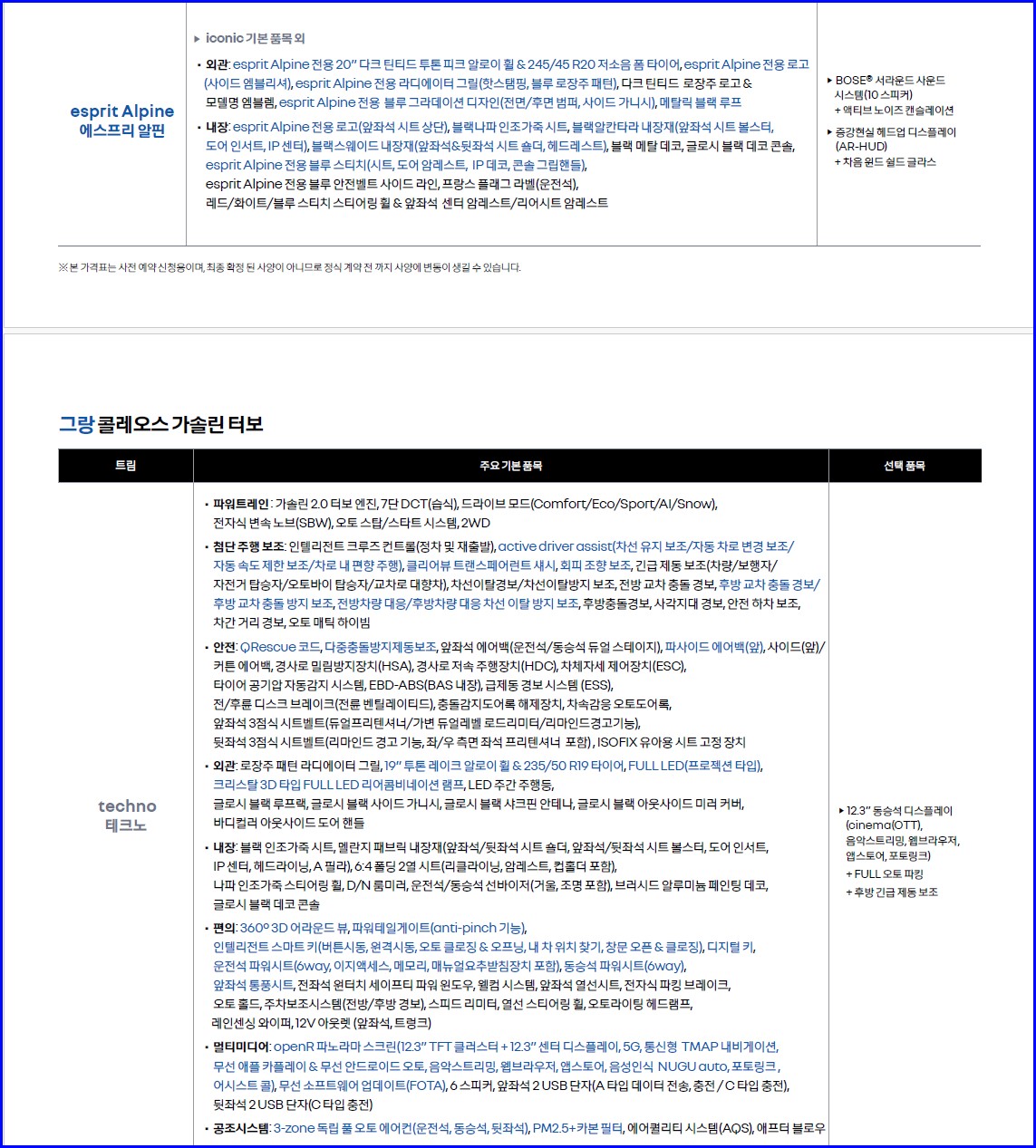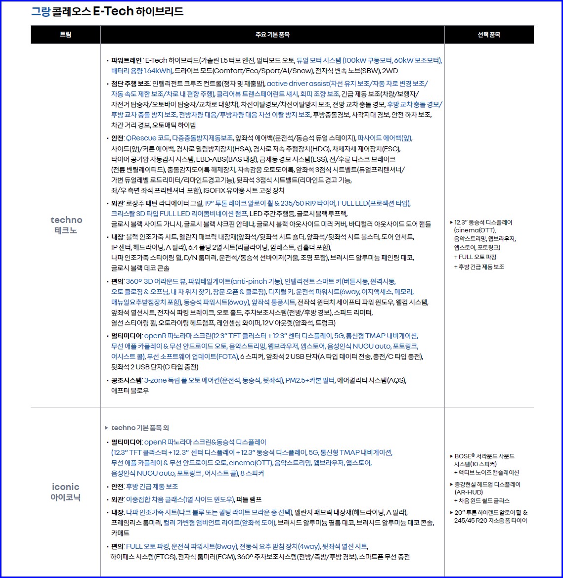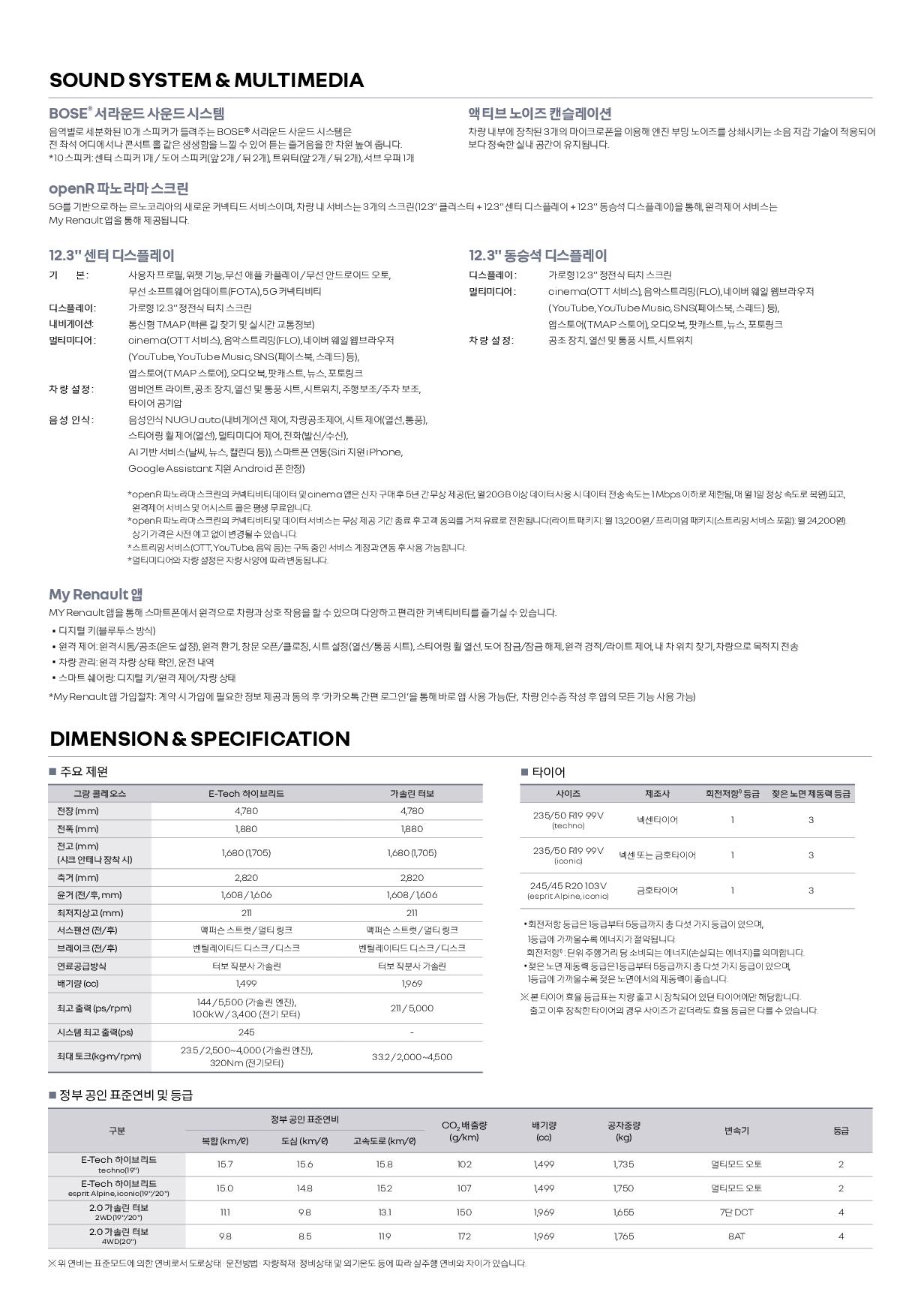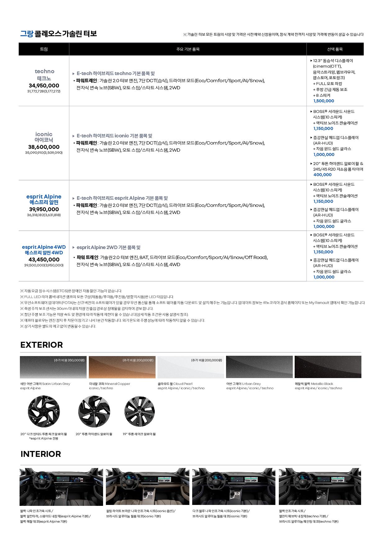 르노에서 작정하고 만든 그랜드 콜레오스 사양표 및 카탈로그입니다.
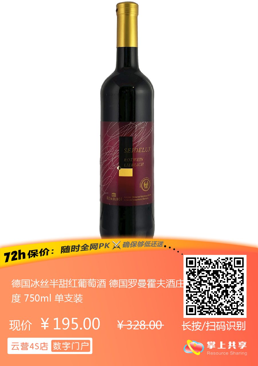德国冰丝半甜红葡萄酒 德国罗曼霍夫酒庄 10度 750ml 单支装
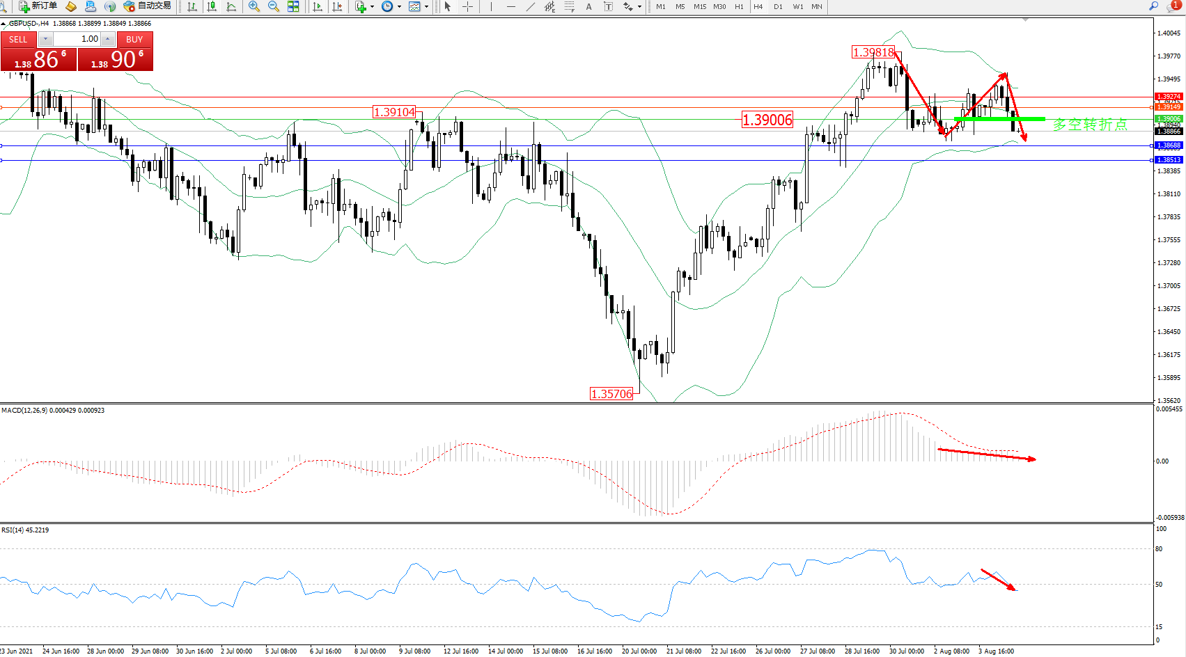 交易策略:1.39006下方看跌,目标1.38688、1.38513
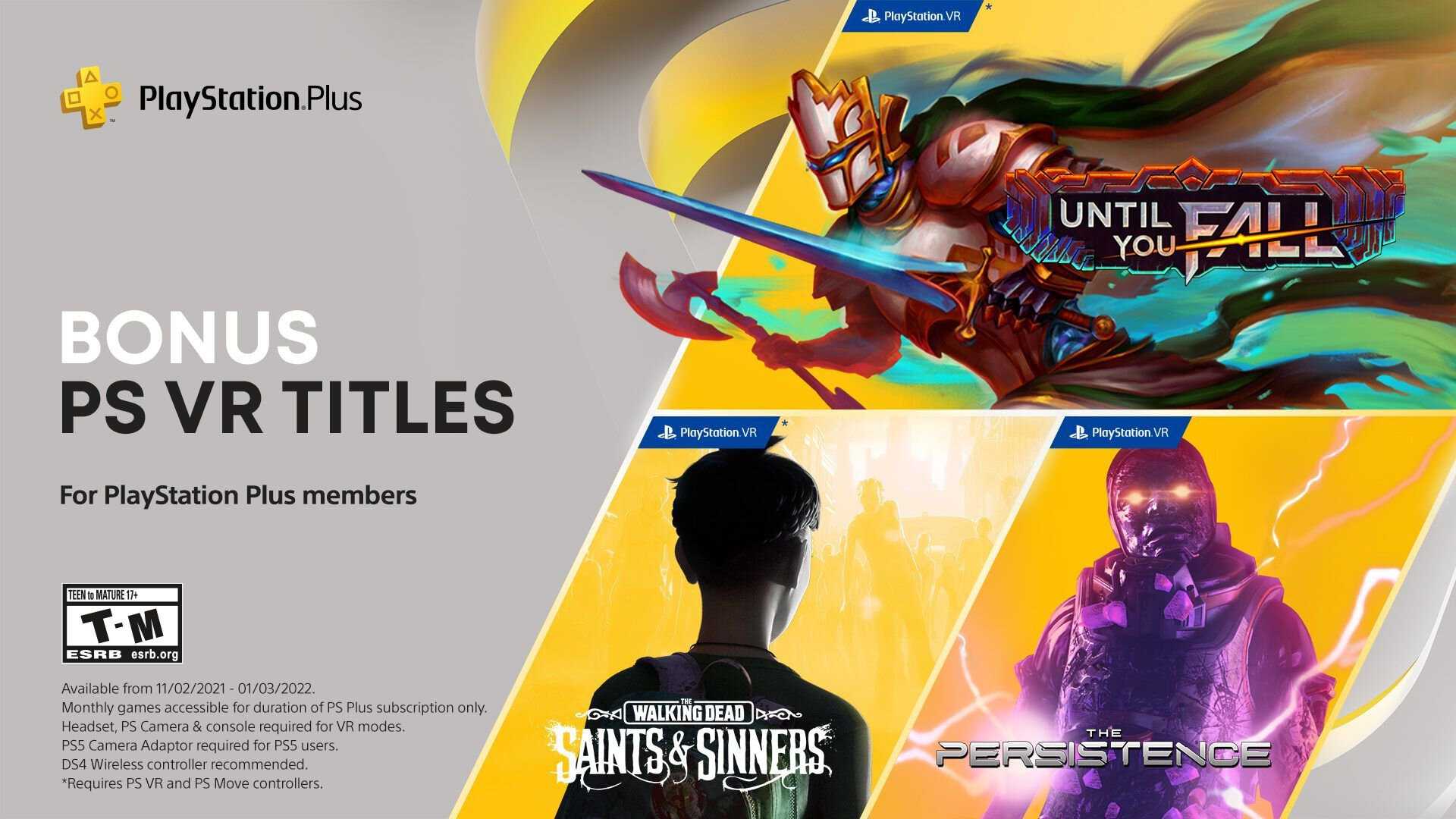 - Ноябрь – Kingdoms of Amalur: Re-Reckoning (72), Knockout City (PS4, PS5 – 80), First Class Trouble (PS4, PS5 – 50), The Walking Dead: Saints & Sinners (79), The Persistence (78), Until You Fall (85)

• **What you will do**
Only the lines from the start of the material through the line containing "交易策略:1.39006下方看跌,目标1.38688、1.38513" should be transcribed. Pictures stay out.

• **Solution for this problem**
 르노에서 작정하고 만든 그랜드 콜레오스 사양표 및 카탈로그입니다.
德国冰丝半甜红葡萄酒 德国罗曼霍夫酒庄 10度 750ml 单支装
 交易策略:1.39006下方看跌,目标1.38688、1.38513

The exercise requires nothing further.